Your objective - Below are entries; repeat exactly, and nothing else, the lines from the one holding "- Golden Sunshine" through the one holding "Weihnachts-Haus Gingerbrett auf", inclusive. Leave the pictures out.
----- Data supplied
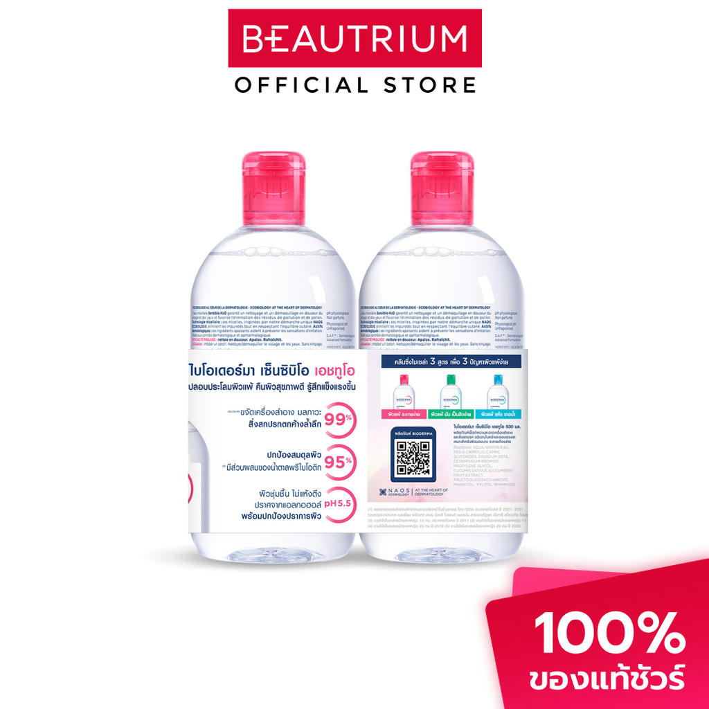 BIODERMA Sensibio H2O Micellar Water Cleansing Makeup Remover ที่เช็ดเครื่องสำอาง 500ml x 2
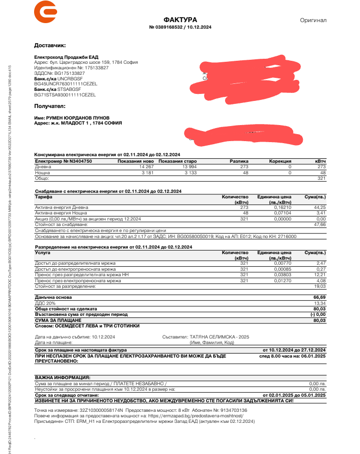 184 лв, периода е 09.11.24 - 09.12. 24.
----------
----- Data supplied
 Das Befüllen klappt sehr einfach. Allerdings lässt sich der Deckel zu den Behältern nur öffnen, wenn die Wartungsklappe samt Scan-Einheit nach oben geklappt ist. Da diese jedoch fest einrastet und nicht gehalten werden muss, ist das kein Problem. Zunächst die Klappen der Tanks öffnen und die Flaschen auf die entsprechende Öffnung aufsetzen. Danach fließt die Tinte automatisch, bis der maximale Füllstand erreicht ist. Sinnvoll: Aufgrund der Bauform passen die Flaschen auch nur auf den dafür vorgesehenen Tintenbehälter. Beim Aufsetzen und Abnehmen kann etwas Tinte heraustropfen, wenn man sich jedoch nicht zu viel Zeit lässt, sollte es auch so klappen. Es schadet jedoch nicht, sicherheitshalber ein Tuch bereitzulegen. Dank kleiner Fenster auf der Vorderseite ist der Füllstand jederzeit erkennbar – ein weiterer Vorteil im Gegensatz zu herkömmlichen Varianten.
----------
----- Data supplied
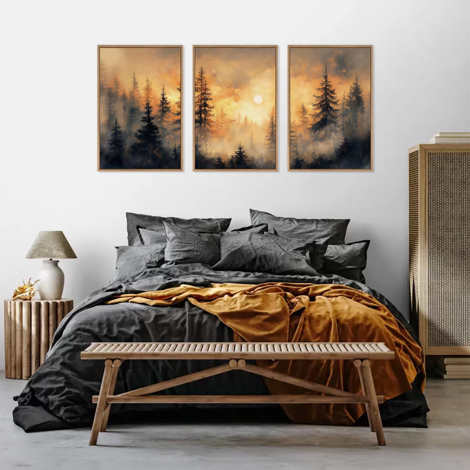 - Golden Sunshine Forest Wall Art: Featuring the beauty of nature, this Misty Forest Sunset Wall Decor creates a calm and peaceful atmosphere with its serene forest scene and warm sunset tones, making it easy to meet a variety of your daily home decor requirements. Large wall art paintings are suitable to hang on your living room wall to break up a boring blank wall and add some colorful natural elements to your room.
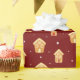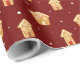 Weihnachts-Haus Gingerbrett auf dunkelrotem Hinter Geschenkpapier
----------
Solution to this task -
 - Golden Sunshine Forest Wall Art: Featuring the beauty of nature, this Misty Forest Sunset Wall Decor creates a calm and peaceful atmosphere with its serene forest scene and warm sunset tones, making it easy to meet a variety of your daily home decor requirements. Large wall art paintings are suitable to hang on your living room wall to break up a boring blank wall and add some colorful natural elements to your room.
 Weihnachts-Haus Gingerbrett auf dunkelrotem Hinter Geschenkpapier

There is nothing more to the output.